[Extracted information — start]

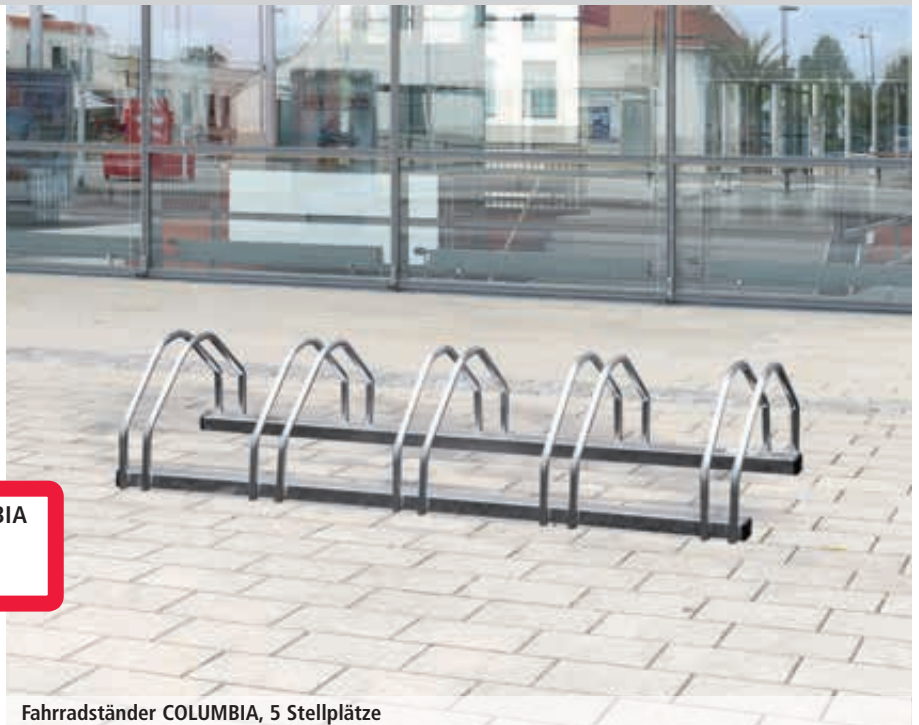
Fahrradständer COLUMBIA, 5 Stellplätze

[Extracted information — finish]
[Extracted information — start]

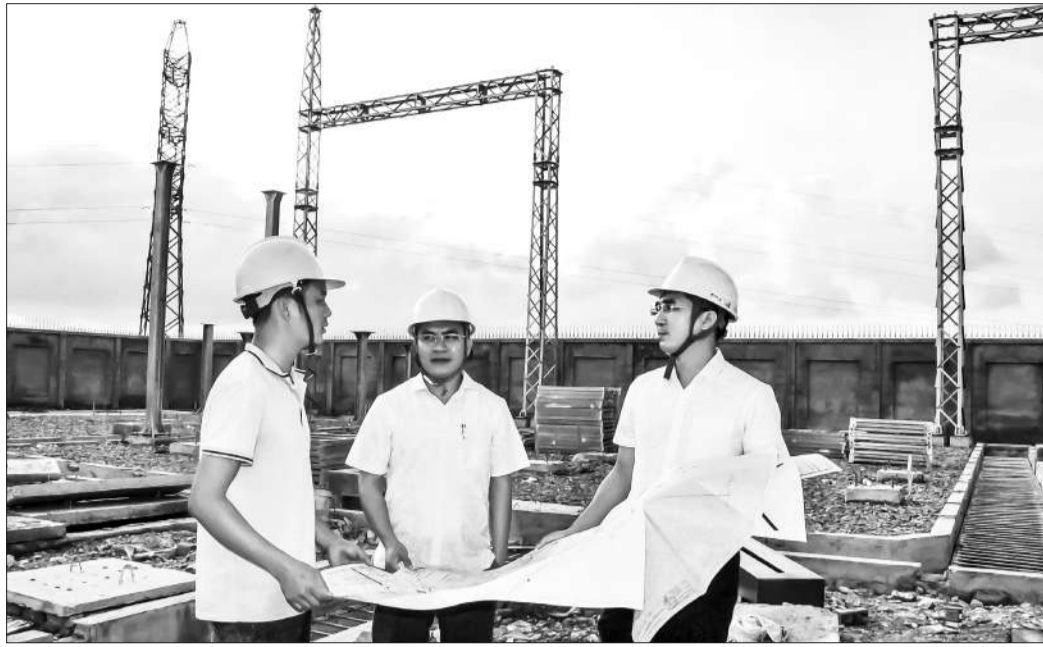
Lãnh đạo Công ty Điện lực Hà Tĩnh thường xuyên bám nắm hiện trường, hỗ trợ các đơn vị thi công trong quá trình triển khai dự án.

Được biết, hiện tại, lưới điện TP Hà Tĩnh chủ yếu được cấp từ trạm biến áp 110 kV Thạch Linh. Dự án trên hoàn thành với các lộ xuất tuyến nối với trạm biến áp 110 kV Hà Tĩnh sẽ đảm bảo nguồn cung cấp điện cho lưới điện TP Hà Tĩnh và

[Extracted information — finish]

> [Instructions for the task]
Please return every line from the material above where the string "hiện" occurs.

> [Output of the task]
Lãnh đạo Công ty Điện lực Hà Tĩnh thường xuyên bám nắm hiện trường, hỗ trợ các đơn vị thi công trong quá trình triển khai dự án.
Được biết, hiện tại, lưới điện TP Hà Tĩnh chủ yếu được cấp từ trạm biến áp 110 kV Thạch Linh. Dự án trên hoàn thành với các lộ xuất tuyến nối với trạm biến áp 110 kV Hà Tĩnh sẽ đảm bảo nguồn cung cấp điện cho lưới điện TP Hà Tĩnh và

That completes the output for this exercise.